Another aspect of Mauzo’s personality is his activism right from the time of the fight to retain Goa’s identity during the historic Opinion Poll. He even suffered multiple police lathi blows when he was in the Steering Committee of Goa’s popular successful movement Konkani Porjecho Awaz which demanded Official Language Status for Konkani, Statehood for Goa and inclusion of Konkani in the 8th Schedule, all achieved by 1992. In 2015, following the assassinations of intellectuals like Dabholkar, Kalburgi and Pansare, Mauzo chaired the Dakshinayan Abhiyan - a movement against caste discrimination and attacks against intellectuals and rationalism (Rajmohan Gandhi was a co-panelist). He spoke out against the stifling of freedom of expression in India and ‘moral policing by proponents of mono-culturism’. He wrote a strong letter to Sahitya Akademi (where he had served a five-year term on the Executive Board) asking them to speak out against the rising intolerance. The Karnataka SIT probing the 2017 murder of journalist-activist Gauri Lankesh found that there was a threat to Mauzo’s life by right-wing extremist outfits, for which, he has been given 24/7 police protection. 

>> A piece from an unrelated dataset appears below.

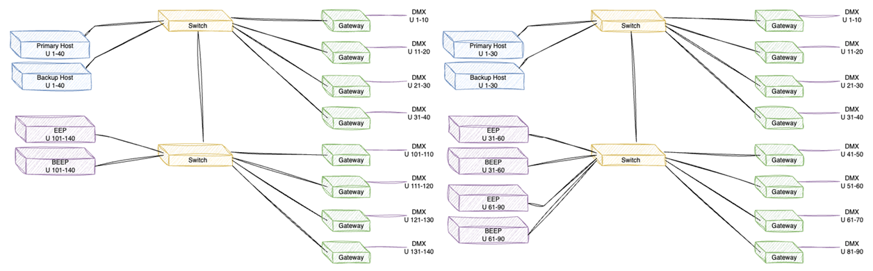 A well-architected network will ensure that all Eos devices in the session stay in sync, and data makes its way to the relevant output devices.

Despite, being buffeted by serious health issues – retinal detachment, open heart surgery, cancer and a rare macular-hole surgery, Mauzo still leads a very busy life.

At a personal level, I feel privileged to be his close friend and to have translated three collections of his stories These Are My Children (Katha), Teresa’s Man (Rupa) nominated for the Frank O’Connor International Prize and the novella Tsunami Simon (Ponytale). Yet another collection -The Wait will shortly be published by Penguin-Random House.

Jnanpith Awardee Damodar Mauzo will be shortly felicitated by several Goan organisations at the hands of eminent novelist Amitav Ghosh the first writer to bag the Jnanpith for English, at Ravindra Bhavan, Margao.